Мы все одобрительно рассмеялись, а политрук, обернувшись к нам, троим связным, поучительно и строго произнес:

— Учитесь, как нужно воевать!

Но мы и без этого с восторгом и завистью смотрели на разведчиков.

Вскоре разведчиков вызвали в штаб батальона. А чуть позднее подъехала подвода и забрала раненого.


Еще два дня немцы сидели тихо, как мыши. За это время ничего особенного не произошло. Разве что минометная батарея, расположенная рядом с нами, обстреляла монастырь. Я как раз сидел на наблюдательном пункте, когда туда прибежали капитан и политрук, и мы уже втроем наблюдали за обстрелом.

Первая мина упала в лесу, и политрук сказал: «Недолет». И так строго взглянул на меня, будто я был в этом виноват. Вторая тоже взметнулась между деревьями, и политрук сказал: «Перелет». Третья взорвалась как раз посреди подворья, и политрук воскликнул: «Молодцы!» Взметнулся вверх столб черного дыма. Немцы же не появлялись. Они даже не ответили на обстрел, хотя наши командиры были уверены, что, кроме как в монастыре, вражескому командованию негде и быть. Ведь где останавливались белые офицеры во время гражданской? У помещиков, кулаков да у попов!

Выпустив еще три мины, наша батарея замолкла, и политрук сказал мне строго: «Видали, как нужно стрелять?» — словно я тоже был минометчиком и стрелял неважнецки.

Немцы отмалчивались весь этот день и ночь, а на рассвете перешли в наступление.

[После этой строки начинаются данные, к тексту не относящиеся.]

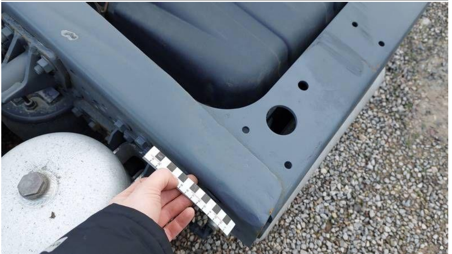
Fot. nr 59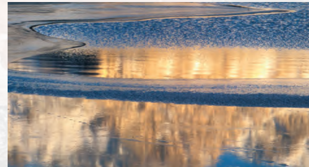
Paysage, miroir de l'âme

E' un'organizzazione internazionale che oggi conta 47 membri. Promuove la democrazia, diritti umani, l'identità culturale europea e la ricerca di soluzioni ai problemi sociali.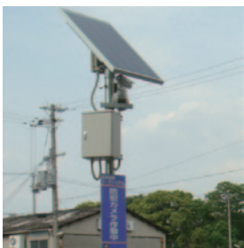
大阪市加美北連合町会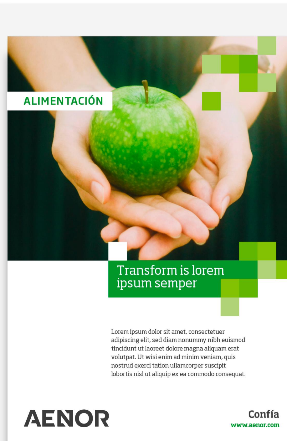
Titular en caja + cuerpo de texto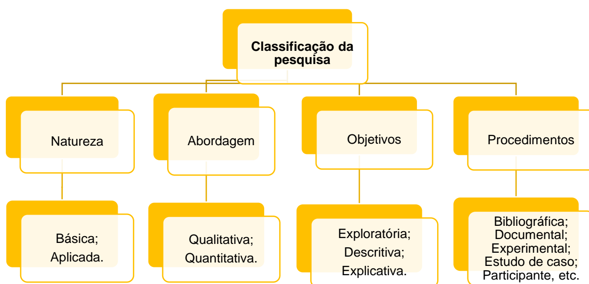
Figura 1: Classificação da pesquisa

A classificação da pesquisa, por sua vez, pode ser subdividida quanto a abordagem, quanto a natureza, quanto aos objetivos e quanto aos procedimentos. Na Figura 1 é possível ver um demonstrativo sobre a classificação da pesquisa de acordo com Gil (2008), Marconi e Lakatos (2008).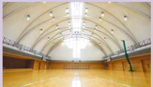
■ 第1体育館 体育の授業の他、行事や部活動が行われます。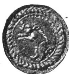
Fig. 81. Petit sceau de Porrentruy du XVIIe siècle.

Mentionnons encore deux petits sceaux du XVII e siècle (Fig. 81 et 82), puis un plus grand du commencement du XVIII e siècle (Fig. 84). Puis les armes qui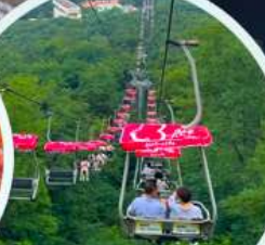
ขึ้นกระเช้า ภูเขาไท่ผิง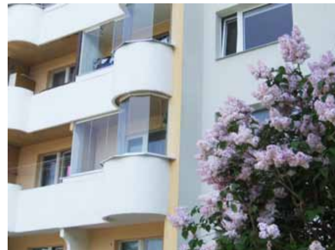
Ka keerulise kujuga rõdu on võimalik klaasida.

• Lodžasid ja rõdusid võib sulgeda ainult raamideta täisklaassüsteeme kasutades (v.a. juhul, kui enamus lodžadest või rõdudest on kinni ehitatud raamlahendusena ehitusloa alusel, siis tuleb kinniehitamist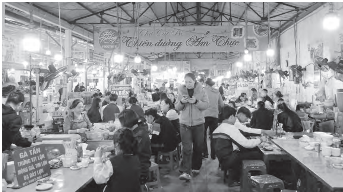
Chợ Cát Bi - một trong những địa điểm ẩm thực được nhiều du khách tìm đến.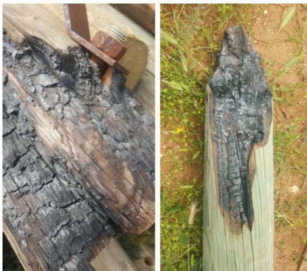
SLIKA 1. IZGORENI DRVENI STUPOVI

Do problema u opskrbi dolazi u trenutku kada na onečišćene izolatore padne rosulja ili slaba kiša, koja ne uspije isprati onečišćenja nastala tijekom sušnih i vjetrovitih dana, barem sa gornje strane izolatora. Da bi pojava elektropolarizacije tankog sloja onečišćenja na izolatorima počela, sloj onečišćenja (najčešće morske soli sa prašinom različitog podrijetla) mora doći u kontakt sa vodom čija količina nije dovoljna za mehaničko ispiranje onečišćenja. Potrebno je naglasiti da prekida isporuke zbog proboja dielektrične čvrstoće VHD izolatora nikada nije bilo zbog kvara na betonskim stupovima, čeličnim gama konzolama na drvenim stupovima, uzemljenim rastavljačima na drvenim stupovima i čelično rešetkastim trafostanicama - kod navedenih dijelova mreže potporna konstrukcija koja nosi VHD izolatore je praktički kratko spojena.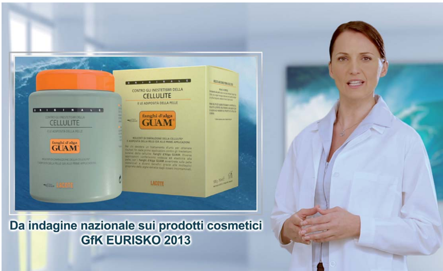
Da indagine nazionale sui prodotti cosmetici GfK EURISKO 2013

Все мы сладко спали, когда на том берегу засверкало, заухало и с черного неба на нас посыпались снаряды и мины. И уютная, мирная до сих пор земля, дышавшая сном и покоем, вдруг задрожала, заклокотала, вздыбилась, тугие горячие волны смели нас с пригретых мест, и мы, ослепшие, оглушенные, заметались между взрывами, разыскивая вход в блиндаж. И когда наконец нашли и вкатились клубком, там уже были командир роты и сержант-писарь.

— Где политрук?

Капитану приходилось кричать, потому что вокруг все ревело от взрывов. Он хватал каждого из нас за грудки, кричал в лицо:

— Где политрук?!

Мы не знали. Мы ничего не знали. Политрук спал с нами рядом, но мы бы не могли сейчас с уверенностью сказать, где то место, на котором мы спали. Его снесло, смело, бросило в небытие.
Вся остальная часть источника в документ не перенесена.